Submitting the AWS Batch job

Now let’s try an example Batch job that uses a private container image by creating a Batch job definition and submitting a Batch job:

  1. Open the AWS Batch console
  2. Navigate to the Job Definition page
  3. Click create
  4. Provide a unique Name for the job definition
  5. Select the EC2 platform
  6. Specify your private container image located in the Image field
  7. Click create

Figure 4: Batch job definition

Now you can submit an AWS Batch job that uses this job definition:

  1. Click on the Jobs page
  2. Click Submit New Job
  3. Provide a Name for the job
  4. Select the previously created job definition
  5. Select the Batch Job Queue created by the CloudFormation stack
  6. Click Submit
Submitting a new Batch job

Figure 5: Submitting a new Batch job

After submitting the AWS Batch job, it will take a few minutes for the AWS Batch Compute Environment to create resources for scheduling the job. Once that is done, you should see a SUCCEEDED status by viewing the job and filtering by AWS Batch job queue shown in Figure 6.

Figure 6: AWS Batch job succeeded

Figure 6: AWS Batch job succeeded

Cleaning up

To clean up the example resources, click delete for the created CloudFormation stack in the CloudFormation Console.

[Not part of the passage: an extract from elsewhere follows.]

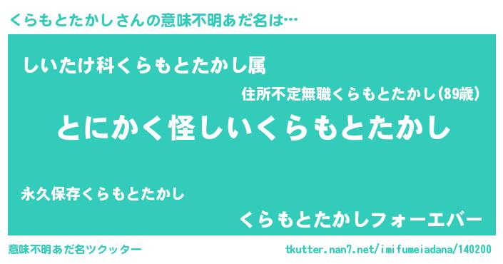 | 胡散臭い通販商品みたいなあだ名 | 『信頼と実績のペンダント…その名も「くらもとたかし」』 |
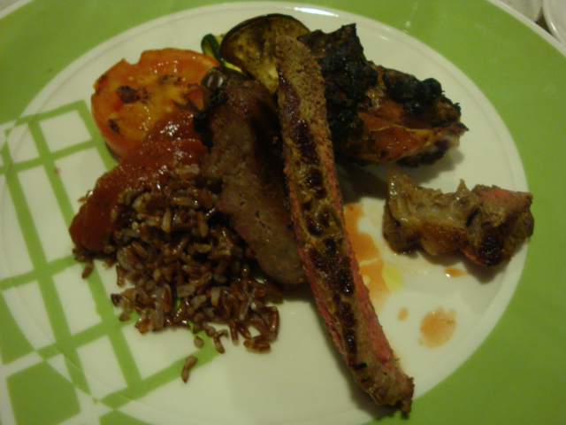 grigliata di carne con riso Ermes, verdure e salsa barbecue

In this blog, you deployed a customized AWS Batch managed compute environment that was configured to allow pulling private container images in a secure manner. As I’ve shown, AWS Batch gives you the flexibility to use both private and public container registries. I encourage you to continue to explore the many options available natively on AWS for hosting and pulling container images. Amazon ECR or the recently launched Amazon ECR public repositories (for a deeper dive, see this blog announcement) both provide a seamless experience for container workloads running on AWS.